In their report, presented Nov. 3 at the American Academy of Pediatrics 2003 National Conference and Exhibition in New Orleans, investigators at Johns Hopkins and five other institutions from the HIV Research Network report that HIV-positive children — particularly those under 2 years of age — make a high number of outpatient visits and are frequently hospitalized. Furthermore, 90 percent of all HIV-infected children receive antiretroviral medications.

According to the U.S. Centers for Disease Control and Prevention, by the year 2001 there were more than 170,000 adults and adolescents and approximately 4,000 children in the United States infected with the HIV virus (these statistics may not include data from all 50 states).

"An understanding of how real HIV patients access the health care system, and what services they do or do not utilize, provides policy-makers, medical providers and HIV program managers with the knowledge to make important decisions on HIV care that reflects what is really happening out there in the HIV community," Siberry said.

In the current study, Siberry and colleagues examined the clinical records of 364 HIV-infected children seen in 2000 at five pediatric sites of the HIV Research Network. The children, mostly female and African-American, were all infected by transmission of the virus from their infected mother during pregnancy or delivery.

In particular, researchers focused on the number of inpatient and outpatient visits, in addition to how many children were prescribed ART. They found that HIV-infected children had an average of eight yearly outpatient visits and a one-in-three chance of requiring inpatient admission in the year 2000. HIV-infected children under 2 years of age had more than nine outpatient visits per year and a two-in-three chance of being admitted during that year.

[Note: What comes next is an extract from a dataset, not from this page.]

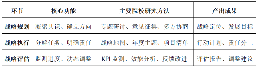 在“共同創(chuàng)造”模式中,戰(zhàn)略引領(lǐng)機(jī)制是實(shí)現(xiàn)院校研究從被動(dòng)響應(yīng)向主動(dòng)引領(lǐng)轉(zhuǎn)變的核心環(huán)節(jié)。該機(jī)制通過IR的專業(yè)介入與多元主體的協(xié)同參與,構(gòu)建了從戰(zhàn)略生成、傳導(dǎo)到評估的完整閉環(huán),形成了“證據(jù)驅(qū)動(dòng)、全員參與、持續(xù)優(yōu)化”的戰(zhàn)略治理新范式。

Compared to healthy children in the United States, HIV-infected children are hospitalized 10 times more often and have three times as many yearly outpatient visits. Although hospitalization rates for children with HIV were slightly lower than that of HIV-infected adults, the children had 30 percent more outpatient visits.

In addition to younger children, children with more advanced HIV infection, high viral loads or AIDS, or those of non-Caucasian ethnicity, had significantly more outpatient visits and hospitalizations in 2000.

"The good news from these findings is that hospitalization rates and outpatient visits for HIV-infected children appear to be three to four times lower than they were for HIV-infected children in the early 1990s when HAART therapy was not available," Siberry said.

The HIV Research Network comprises 18 medical institutions located across the United States that treat more than 16,000 patients with HIV disease. Each institution assembles data on the clinical and demographic characteristics of its HIV-infected patients, the frequency of each patient's outpatient clinic visits and the number of inpatient admissions. Participating institutions then send the information to the data coordinating center located at the Johns Hopkins School of Medicine, where the information is consolidated into a single uniform database.

Co-authors of this study are Kelly Gebo of the Johns Hopkins School of Medicine; Richard Rutstein of Children's Hospital of Philadelphia; Patricia Flynn of St. Jude's Children's Hospital; and Stephen Spector of the University of California, San Diego.